RUN . ${PYTHON_VIRTUAL_ENV_FOLDER}/bin/activate && python ${PYTHON_APP_FOLDER}/setup.py

setup.py code -

import nltk
import os

nltk.download('stopwords', download_dir=os.getcwd() + '/nltk_data/')
nltk.download('wordnet', download_dir=os.getcwd() + '/nltk_data/')

Error:

**********************************************************************
  Resource stopwords not found.
  Please use the NLTK Downloader to obtain the resource:

  >>> import nltk
  >>> nltk.download('stopwords')

  Searched in:
    - '/root/nltk_data'
    - '/usr/share/nltk_data'
    - '/usr/local/share/nltk_data'
    - '/usr/lib/nltk_data'
    - '/usr/local/lib/nltk_data'
    - '/usr/src/venv/nltk_data'
    - '/usr/src/venv/share/nltk_data'
    - '/usr/src/venv/lib/nltk_data'
**********************************************************************

Any idea what is wrong here? Also, the same code works when I run it without docker.

yashdosi
  • 1,186
  • 1
  • 18
  • 40
  • In what way doesn't it work? Can you add the actual error message, the Dockerfile, and your `docker run` command or `docker-compose.yml` to the question? – David Maze Sep 27 '18 at 11:32
  • `docker run -it -e ENVIRONMENT_NAME=local -e REGION_NAME=local -p 9081:8080 docker_image` - The run command – yashdosi Sep 27 '18 at 11:35
  • @DavidMaze - I have already added the relevant line from Dockerfile in the question. Also, added the error message and docker-run command. – yashdosi Sep 27 '18 at 11:36
  • Mount the `nltk_data`, `docker build -f Dockerfile -v $HOME/nltk_data/:/nltk_data/`. Then before `setup.py`, in Dockerfile, `ENV NLTK_DATA=/nltk_data/` – alvas Sep 27 '18 at 16:51

2 Answers2

3

Having faced that same problem before and having done almost the same thing you did, I'd assume what you're missing here is configuring the nltk.data.path by adding to the path wherever your os.getcwd() is.

henriquesalvaro
  • 1,232
  • 1
  • 8
  • 14
  • 1
    This worked thanks! but with a slight tweak. I had to specify this env variable in Dockerfile and then also use an add statement. `ENV NLTK_DATA /app/nltk_data/` `ADD . $NLTK_DATA` – yashdosi Oct 01 '18 at 06:44
0

Thanks for the post and it fixed my issue as well!!!!

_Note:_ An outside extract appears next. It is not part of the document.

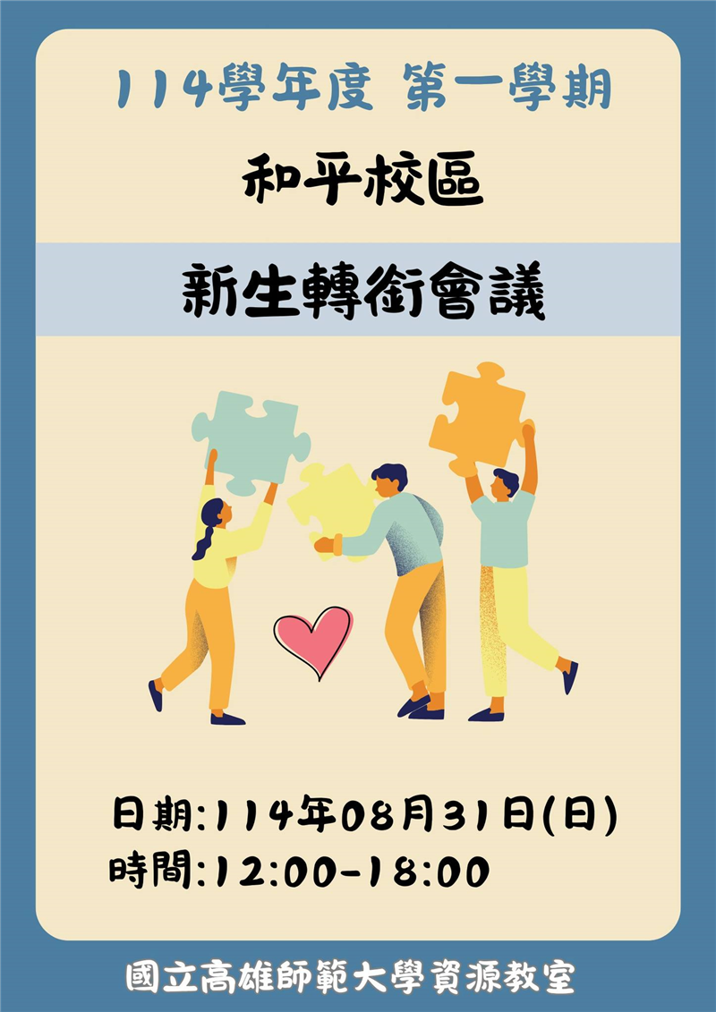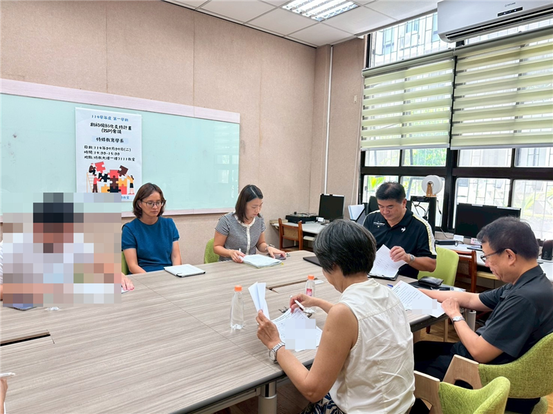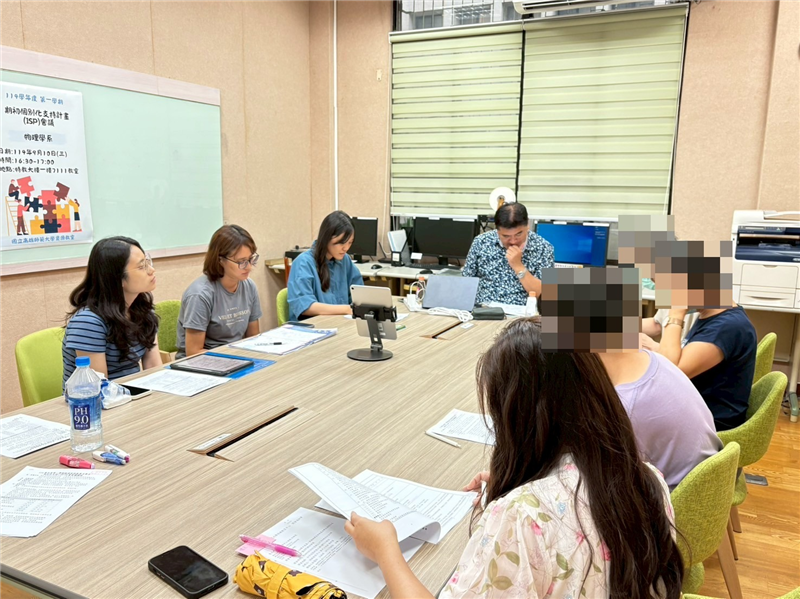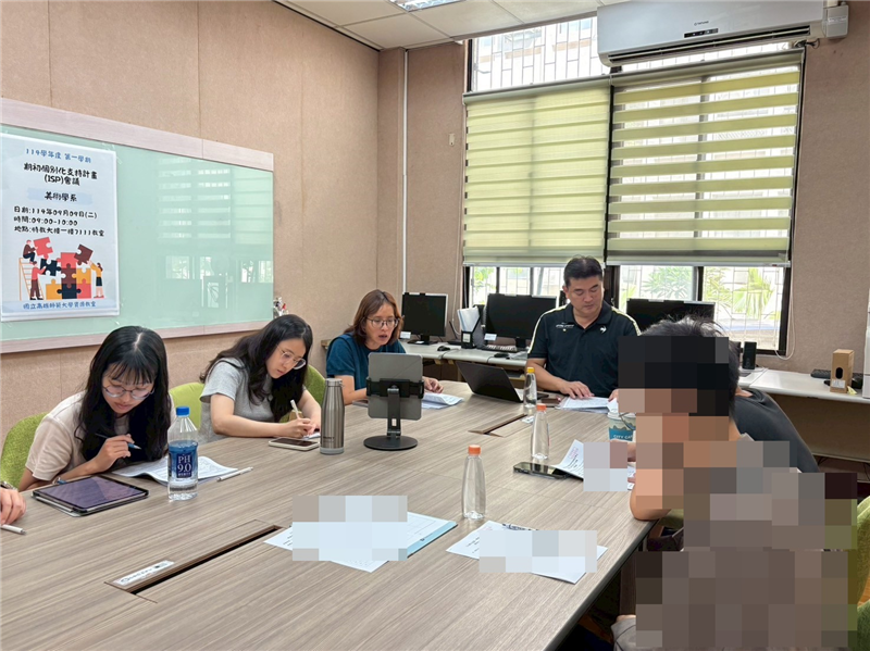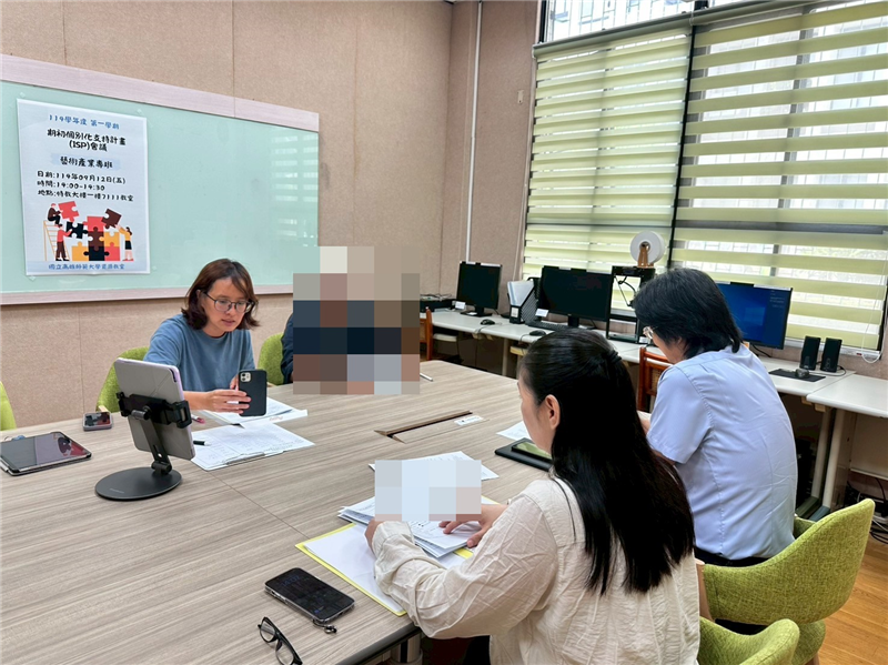 為協助大一新鮮人在高師大順利開啟大學新生活,和平校區共召開5場次的新生轉銜會議,分別有視設系、音樂系、特教系、地理系的系主任、導師及家長、學生共同參加。資源教室輔導員在會議前運用特蒐四表單及SBASA量表了解學生能力現況,會議中進行特教需求說明,在特教中心蔡主任的主持下,讓系所、資源教室、學生及家長三方可以建立初步溝通橋梁,銜接大專所需支持協助。
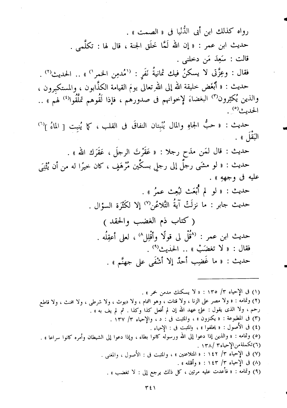 حَدِيث جَابر مَا نزلت آيَة التلاعن إِلَّا لِكَثْرَة السُّؤَال = كتاب ذمّ الْغَضَب والحقد =

I got the same issue that punkt does exit in docker:

/root/nltk_data/tokenizers/punkt

But when my app tried to reach it, Docker kept complaining the resource couldn't be found.

Inspired by your post, I added:

ENV NLTK_DATA /root/nltk_data/
ADD . $NLTK_DATA

But still got the same error message. So I tried this:

ENV NLTK_DATA /nltk_data/
ADD . $NLTK_DATA

I didn't know why I wanted to remove /root from the path but it worked!

My app is using Flask and uWSGI, so I guess maybe this is an issue for Django and Flask? Thanks anyway!

Howard
  • 23
  • 4